When you’re thirsty, what do you reach for? If you’re like a growing majority of Americans, more often than not you reach for a can or bottle of pop.
Soft drinks make up 27 percent of all the beverages Americans drink. That’s an astounding $54 billion spent on 14 billion gallons of “liquid candy.”
Since teenagers are some of the biggest pop drinkers around, this is cause for concern. Teenagers today drink twice as much pop as milk, which means they may not be getting the vitamins, minerals and protein they need.
What they are getting is a large dose of sugars and other unhealthy additives that can lead to tooth decay. The sugar in soft drinks combine with the bacteria in the mouth to produce acid that can destroy the teeth. You’re at even greater risk if you sip pop throughout the day, since that exposes your teeth to the sugars and acids for longer periods and is even more likely to result in tooth decay.
And don’t think that by drinking diet pop, you’re saving your teeth.

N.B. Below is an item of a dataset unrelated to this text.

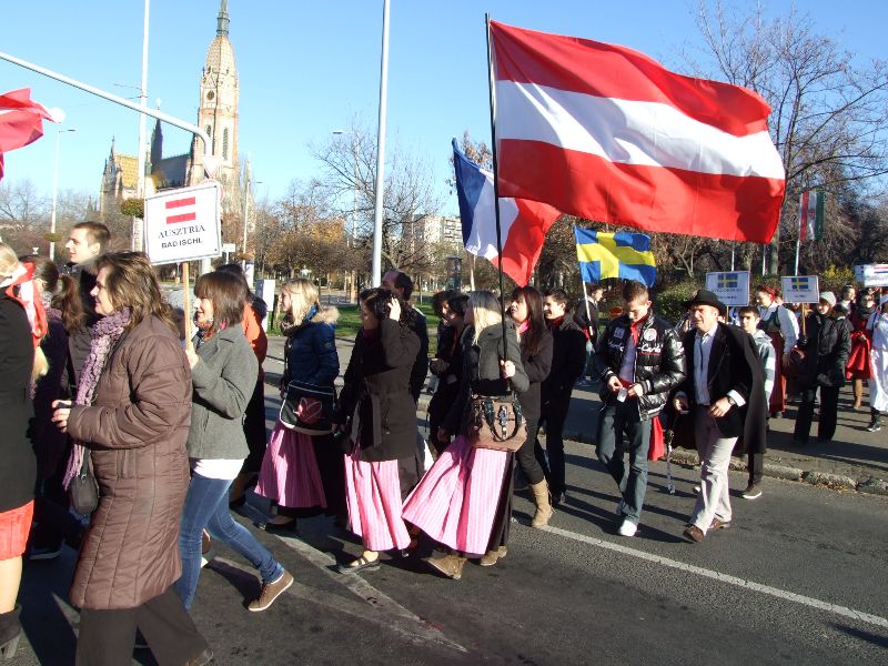 Ce fut à nouveau le cas à Budapest, plus exactement dans l’arrondissement de Köbanya, au départ du Centre culturel où s’étaient regroupées les délégations. Sous un soleil resplendissant mais une température proche de zéro degré la procession s’est ébranlée dans une ambiance bon enfant et sympathique, sous la protection de la police pour éviter un accident toujours possible. Après avoir franchi un grand carrefour, la parade a continué jusqu’à un square pour revenir sur ses pas avant de refluer vers la mairie de Köbanya où un quatuor de professeurs d’une autre école chantait des airs de Noël. Le maire de l’arrondissement Robert Kovacs s’est adressé à la joyeuse troupe en termes chaleureux pour souhaiter à tous un excellent séjour à Budapest et à Köbanya ainsi qu’un joyeux Noël. Avant la photo de groupe sur le parvis de l’église, à l’instigation du quatuor, tout le monde a chanté « Douce nuit sainte nuit » ou plus exactement « Stille Nacht heilige Nacht » ou encore « Silent night, holy night » chacune et chacun dans sa langue. Un moment d’émotion partagée, bien dans l’air de Noël, avant de rejoindre le Centre culturel où les visiteurs des environs se sont pressés en masse autour des stands pris d’assaut !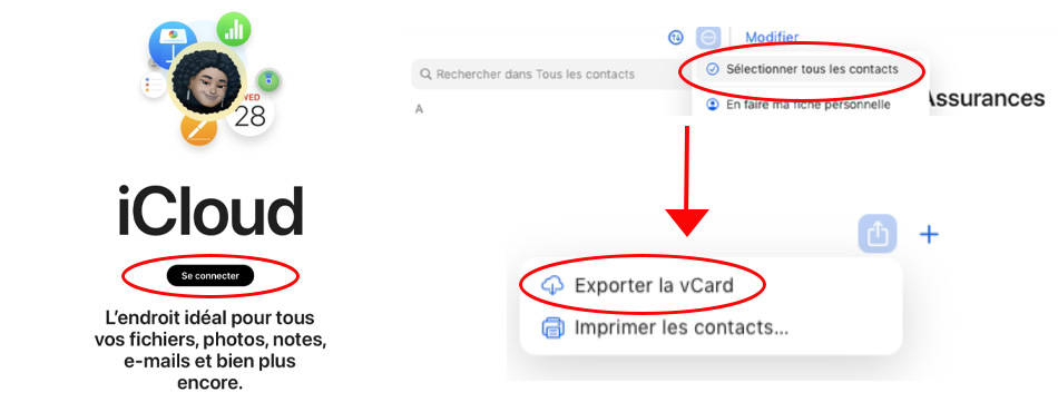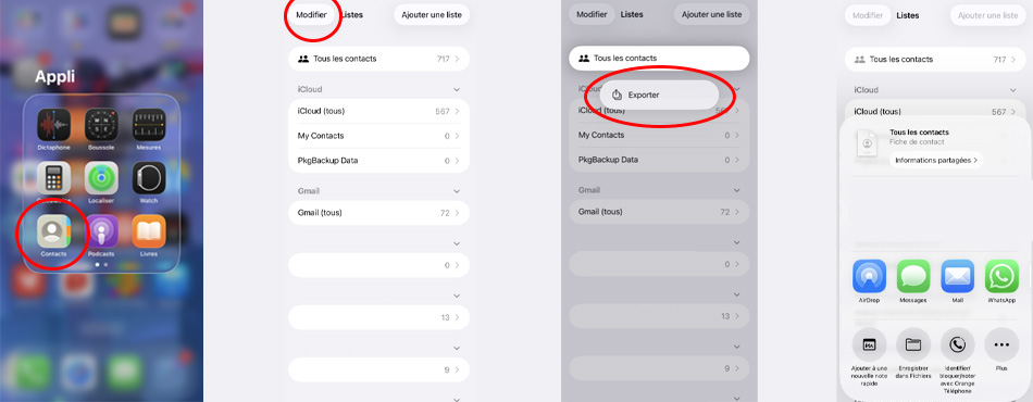 Il existe une solution simple à utiliser directement depuis l’iPhone. Pour ce faire, ouvrez l’application Contacts et dans l'onglet Modifier, appuyez longuement sur la liste de contact à exporter pour pouvoir cliquer sur "Exporter". Sélectionnez la méthode d’envoi et voilà !

Diet pop contains the same acids as regular varieties, and can erode away the enamel on your teeth as well as cause decay.
So what can you do to reduce your risk of decay? Obviously, you need to cut down on the amount of soda you drink. Next time you’re thirsty, reach for milk or water, or even a thirst quenching fruit like grapes, watermelon or apples. Here are some other tips:
- Avoid sipping soft drinks throughout the day. Instead, drink them in a short time with food or as part of a meal.
- If you can’t brush, rinse your mouth with water after drinking pop.
- Eat foods that are high in sugar or are sticky and more likely to cause tooth decay during meals rather than between meals.
- Brush and floss regularly to remove the plaque that can lead to tooth decay.
- Ask your Michigan Dental Association dentist about the use of fluoride products to lessen further decay.
No one’s saying you need to eliminate soft drinks from your diet. But use them sparingly – making them the treat they were originally intended to be.